As for Qualcomm, much of what they have claimed RISC-V should add or remove, is bullshit and a bad idea. They are just being lazy and trying to turn RISC-V into ARM. For example the variable length instructions in RISC-V. They are actually a great idea to compress code size so you need less i-cache and have less faults. I usually joke that RISC-V is the most CISCy RISC processor.
And it is not like there is anything preventing you from supporting unaligned memory accesses in your own hardware implementation. It is just that it isn't mandatory as part of the spec.
As for the lack of flags you can blame me.

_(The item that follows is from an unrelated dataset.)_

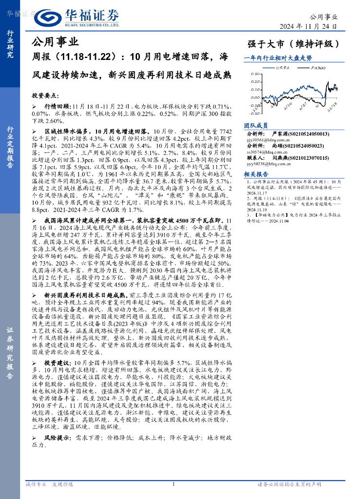 华福证券:公用事业行业周报:10月用电增速回落,海风建设持续加速,新兴固废再利用技术日趋成熟.pdf

I demanded that to be part of the architecture to make it easier to make OoO superscalar processors.
Another thing it could use, I guess, is a proper multiple register save and restore instruction. While we did consider it, back then I didn't know about the ARM instructions, I had never coded in ARM assembler myself, and the x86 register save instructions are kind of useless anyway.
On hindsight I am not even sure if ARM had those instructions back when we came up with the initial draft RISC-V spec.
RISC-V is good enough mostly for embedded cores but a somewhat flawed ISA for high-performance computing. Working with RISC-V for an extended period of time usually makes one appreciate how well-designed ARM AArch64 is. Unless either Qualcomm or Huawei is completely cut off from ARM so that they are forced to move on to an improved version of RISC-V, we will probably not see any serious efforts in RISC-V outside embedded markets.
You can get RISC-V to work for high-performance computing even with the regular ISA. You will need a wider processor because you will have more ops because of the lack of indexed memory addressing and other things. But it is not like it is impossible to do one.
Good evidence for this is that people like Jim Keller have looked at the architecture and think there is nothing majorly wrong with it.
The ISA is also so extensible that if something does become a major issue it can be added later. The latest RVA23 spec is way more complete than the initial RV64GC.
RISC-V is probably the only current architecture designed from the outset to be able to support hypervisors in the future. And it also has more features that other architectures lack despite being that simple. It was designed to be extensible from the start. With the variable length instructions you get even more ISA space without bloating the code size.
A lot of people claim that the latest RISC-V profile with the builtin instruction compression always provides the smallest binaries of the major architectures. Even compared with CISC x86-64. So that is something. A lot of people overly focus on reducing the amount of instructions instead of code size. But they forget that while logic continues to shrink, memory (particularly SRAM) is shrinking way slower. It is important to keep the memory footprint down. If you keep going outside of the cache size and need to fetch memory from DRAM you will also slow everything down.